> [What this task involves] In the material below, find the line with "Tani është koha" and the line with "Σύστημα παρκαρίσματος 12v", then output both and every line between them exactly, omitting pictures.

> [Supplied material]
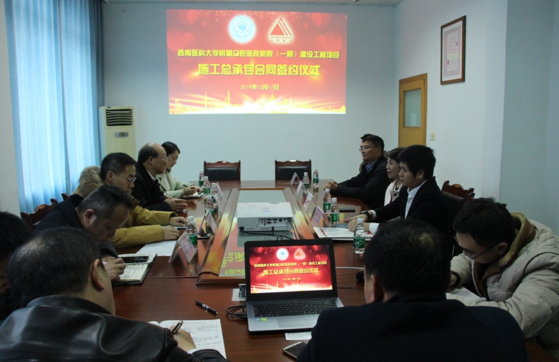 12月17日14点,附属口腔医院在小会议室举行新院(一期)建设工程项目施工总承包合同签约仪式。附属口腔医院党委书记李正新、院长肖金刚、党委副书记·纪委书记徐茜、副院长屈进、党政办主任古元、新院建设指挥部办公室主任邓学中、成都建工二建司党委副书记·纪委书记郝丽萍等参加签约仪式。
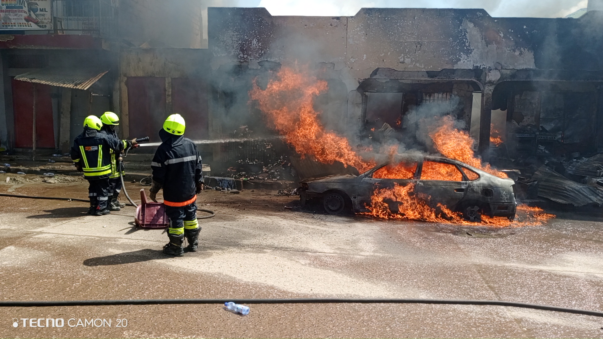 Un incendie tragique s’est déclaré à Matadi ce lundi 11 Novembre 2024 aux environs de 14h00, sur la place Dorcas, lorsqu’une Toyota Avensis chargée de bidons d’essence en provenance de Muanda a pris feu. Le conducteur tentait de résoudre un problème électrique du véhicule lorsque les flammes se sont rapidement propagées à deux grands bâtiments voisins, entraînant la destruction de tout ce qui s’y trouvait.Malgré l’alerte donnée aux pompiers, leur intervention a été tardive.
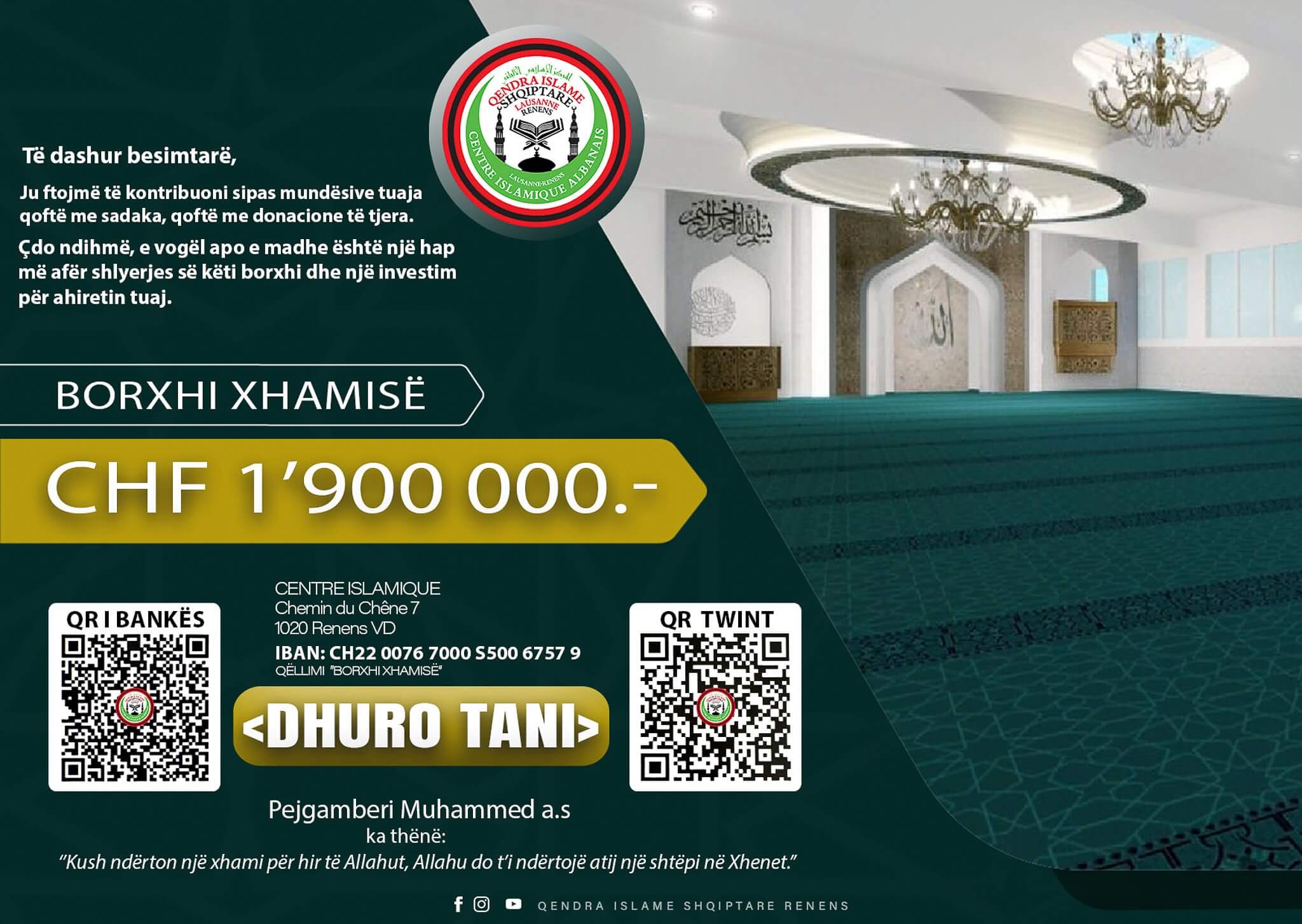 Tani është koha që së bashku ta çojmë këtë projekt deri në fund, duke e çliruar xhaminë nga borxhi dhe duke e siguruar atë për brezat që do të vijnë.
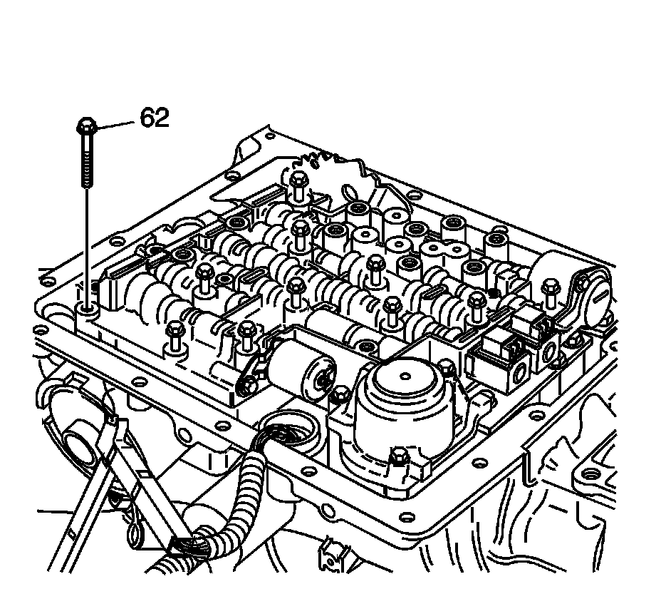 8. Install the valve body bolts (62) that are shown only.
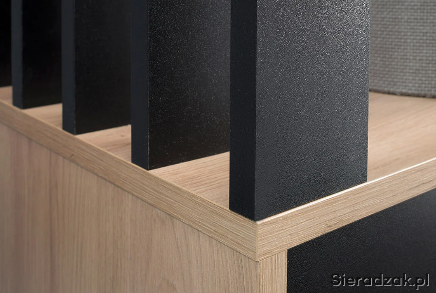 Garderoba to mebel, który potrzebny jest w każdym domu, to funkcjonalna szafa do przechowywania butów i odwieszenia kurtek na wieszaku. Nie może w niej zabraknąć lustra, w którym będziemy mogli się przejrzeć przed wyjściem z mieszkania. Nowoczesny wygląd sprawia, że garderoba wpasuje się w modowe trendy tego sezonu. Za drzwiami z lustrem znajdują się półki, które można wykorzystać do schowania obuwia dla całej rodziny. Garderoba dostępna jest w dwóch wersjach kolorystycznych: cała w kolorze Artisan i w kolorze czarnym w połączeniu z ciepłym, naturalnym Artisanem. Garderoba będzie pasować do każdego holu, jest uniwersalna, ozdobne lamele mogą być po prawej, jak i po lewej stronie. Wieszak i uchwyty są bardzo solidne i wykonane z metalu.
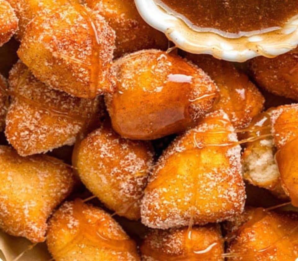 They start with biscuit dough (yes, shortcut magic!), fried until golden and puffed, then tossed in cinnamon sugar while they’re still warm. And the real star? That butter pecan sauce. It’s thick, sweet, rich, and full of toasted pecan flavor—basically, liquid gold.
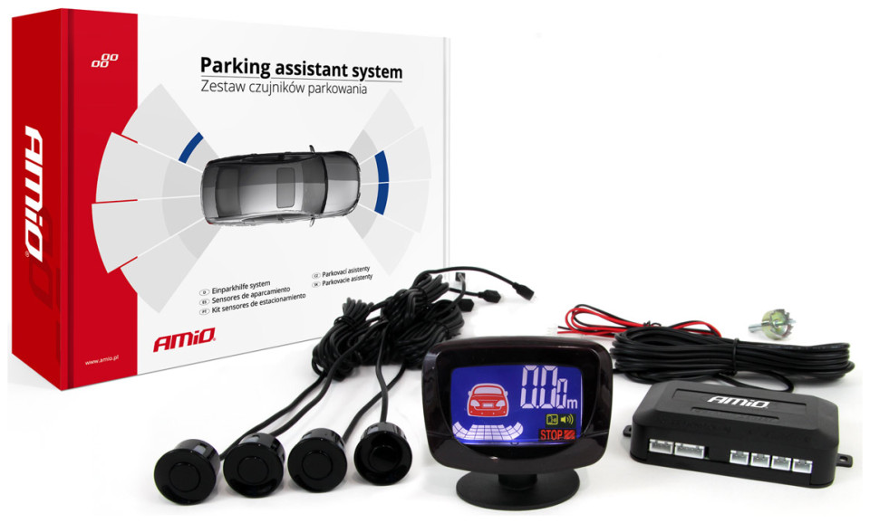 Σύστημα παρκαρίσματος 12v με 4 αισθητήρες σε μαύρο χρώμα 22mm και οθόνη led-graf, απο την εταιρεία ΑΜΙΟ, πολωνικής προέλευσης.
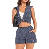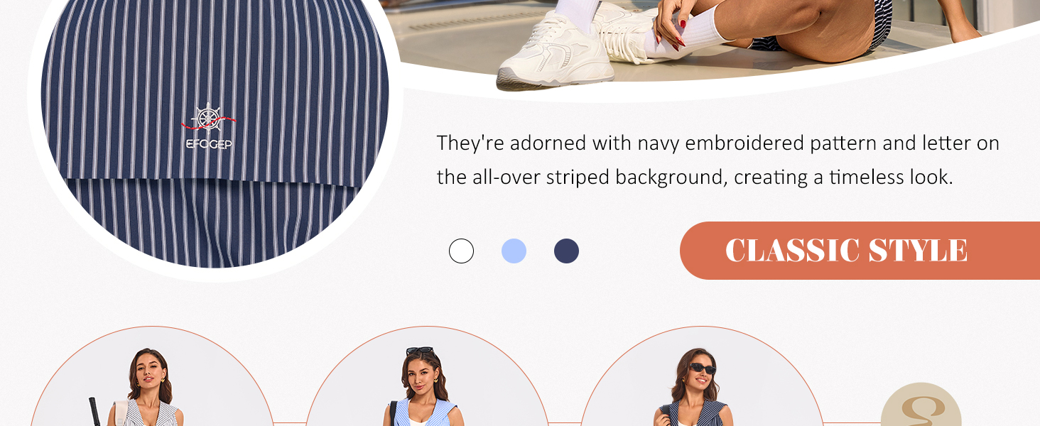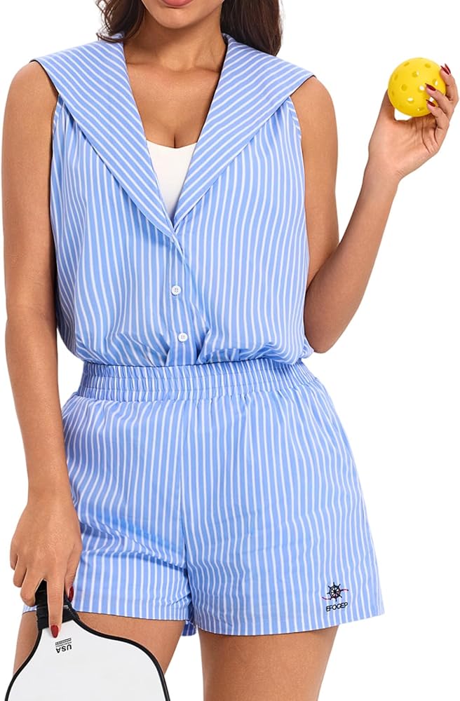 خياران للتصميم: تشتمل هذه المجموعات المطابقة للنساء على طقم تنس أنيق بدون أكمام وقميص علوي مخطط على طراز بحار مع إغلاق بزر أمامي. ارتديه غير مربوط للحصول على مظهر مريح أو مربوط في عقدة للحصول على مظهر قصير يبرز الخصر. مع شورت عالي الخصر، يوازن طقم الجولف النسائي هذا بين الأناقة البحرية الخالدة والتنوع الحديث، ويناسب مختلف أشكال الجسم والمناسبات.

> [Exercise result]
 Tani është koha që së bashku ta çojmë këtë projekt deri në fund, duke e çliruar xhaminë nga borxhi dhe duke e siguruar atë për brezat që do të vijnë.
 8. Install the valve body bolts (62) that are shown only.
 Garderoba to mebel, który potrzebny jest w każdym domu, to funkcjonalna szafa do przechowywania butów i odwieszenia kurtek na wieszaku. Nie może w niej zabraknąć lustra, w którym będziemy mogli się przejrzeć przed wyjściem z mieszkania. Nowoczesny wygląd sprawia, że garderoba wpasuje się w modowe trendy tego sezonu. Za drzwiami z lustrem znajdują się półki, które można wykorzystać do schowania obuwia dla całej rodziny. Garderoba dostępna jest w dwóch wersjach kolorystycznych: cała w kolorze Artisan i w kolorze czarnym w połączeniu z ciepłym, naturalnym Artisanem. Garderoba będzie pasować do każdego holu, jest uniwersalna, ozdobne lamele mogą być po prawej, jak i po lewej stronie. Wieszak i uchwyty są bardzo solidne i wykonane z metalu.
 They start with biscuit dough (yes, shortcut magic!), fried until golden and puffed, then tossed in cinnamon sugar while they’re still warm. And the real star? That butter pecan sauce. It’s thick, sweet, rich, and full of toasted pecan flavor—basically, liquid gold.
 Σύστημα παρκαρίσματος 12v με 4 αισθητήρες σε μαύρο χρώμα 22mm και οθόνη led-graf, απο την εταιρεία ΑΜΙΟ, πολωνικής προέλευσης.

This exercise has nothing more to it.